Only one stretch of the data below is wanted: the lines starting at the one with "Fused Glass Birds, PUFFIN" and ending at the one with "Маска для лица", both included, given again exactly.

--

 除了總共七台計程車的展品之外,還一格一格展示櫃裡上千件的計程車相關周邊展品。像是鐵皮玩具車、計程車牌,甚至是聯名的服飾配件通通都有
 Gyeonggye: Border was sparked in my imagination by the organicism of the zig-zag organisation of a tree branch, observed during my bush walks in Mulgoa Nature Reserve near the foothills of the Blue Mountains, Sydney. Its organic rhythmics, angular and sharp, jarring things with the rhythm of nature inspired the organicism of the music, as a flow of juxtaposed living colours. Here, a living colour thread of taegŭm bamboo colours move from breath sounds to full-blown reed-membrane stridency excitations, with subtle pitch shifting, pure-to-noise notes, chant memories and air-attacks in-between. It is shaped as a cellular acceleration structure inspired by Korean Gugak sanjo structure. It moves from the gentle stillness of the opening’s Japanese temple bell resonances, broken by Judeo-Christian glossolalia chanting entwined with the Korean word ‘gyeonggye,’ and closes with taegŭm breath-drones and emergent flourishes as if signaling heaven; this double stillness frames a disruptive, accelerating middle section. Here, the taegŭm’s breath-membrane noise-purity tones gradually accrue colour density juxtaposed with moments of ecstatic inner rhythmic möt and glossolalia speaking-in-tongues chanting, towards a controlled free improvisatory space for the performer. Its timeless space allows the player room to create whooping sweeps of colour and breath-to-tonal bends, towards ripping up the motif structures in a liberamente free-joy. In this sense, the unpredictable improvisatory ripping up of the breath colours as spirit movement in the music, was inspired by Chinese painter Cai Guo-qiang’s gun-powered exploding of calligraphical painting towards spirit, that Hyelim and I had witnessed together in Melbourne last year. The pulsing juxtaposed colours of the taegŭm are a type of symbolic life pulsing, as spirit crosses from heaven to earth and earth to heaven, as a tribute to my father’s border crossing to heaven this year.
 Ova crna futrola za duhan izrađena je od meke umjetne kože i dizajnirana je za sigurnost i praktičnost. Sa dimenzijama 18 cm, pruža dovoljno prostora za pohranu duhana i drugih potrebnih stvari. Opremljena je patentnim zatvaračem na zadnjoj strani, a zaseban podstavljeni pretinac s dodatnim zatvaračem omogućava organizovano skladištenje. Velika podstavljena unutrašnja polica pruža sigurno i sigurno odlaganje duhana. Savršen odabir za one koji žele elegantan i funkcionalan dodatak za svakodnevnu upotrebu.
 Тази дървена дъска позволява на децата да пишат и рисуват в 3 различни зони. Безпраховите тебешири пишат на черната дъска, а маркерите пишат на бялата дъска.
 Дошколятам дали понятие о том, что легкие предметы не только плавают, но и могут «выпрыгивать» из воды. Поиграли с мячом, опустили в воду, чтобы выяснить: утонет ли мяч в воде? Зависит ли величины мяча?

--

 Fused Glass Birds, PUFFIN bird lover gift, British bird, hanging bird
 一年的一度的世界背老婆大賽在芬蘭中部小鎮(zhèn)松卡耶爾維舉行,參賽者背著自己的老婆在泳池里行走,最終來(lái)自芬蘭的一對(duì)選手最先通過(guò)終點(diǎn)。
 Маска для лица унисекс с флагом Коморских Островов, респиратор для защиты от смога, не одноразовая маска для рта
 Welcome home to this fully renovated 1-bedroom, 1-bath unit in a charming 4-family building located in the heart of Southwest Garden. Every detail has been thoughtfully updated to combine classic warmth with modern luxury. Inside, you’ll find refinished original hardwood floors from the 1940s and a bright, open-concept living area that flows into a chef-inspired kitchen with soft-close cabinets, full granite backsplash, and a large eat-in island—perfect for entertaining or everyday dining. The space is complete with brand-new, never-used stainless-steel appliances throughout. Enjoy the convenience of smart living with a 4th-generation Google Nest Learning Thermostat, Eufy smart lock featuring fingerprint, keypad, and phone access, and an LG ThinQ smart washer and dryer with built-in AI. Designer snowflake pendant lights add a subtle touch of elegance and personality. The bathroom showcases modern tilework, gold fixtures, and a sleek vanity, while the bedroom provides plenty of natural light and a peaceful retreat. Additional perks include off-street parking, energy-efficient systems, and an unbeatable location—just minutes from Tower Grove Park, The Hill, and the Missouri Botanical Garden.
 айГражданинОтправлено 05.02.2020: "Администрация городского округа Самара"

--

• Expected answer:
 Fused Glass Birds, PUFFIN bird lover gift, British bird, hanging bird
 一年的一度的世界背老婆大賽在芬蘭中部小鎮(zhèn)松卡耶爾維舉行,參賽者背著自己的老婆在泳池里行走,最終來(lái)自芬蘭的一對(duì)選手最先通過(guò)終點(diǎn)。
 Маска для лица унисекс с флагом Коморских Островов, респиратор для защиты от смога, не одноразовая маска для рта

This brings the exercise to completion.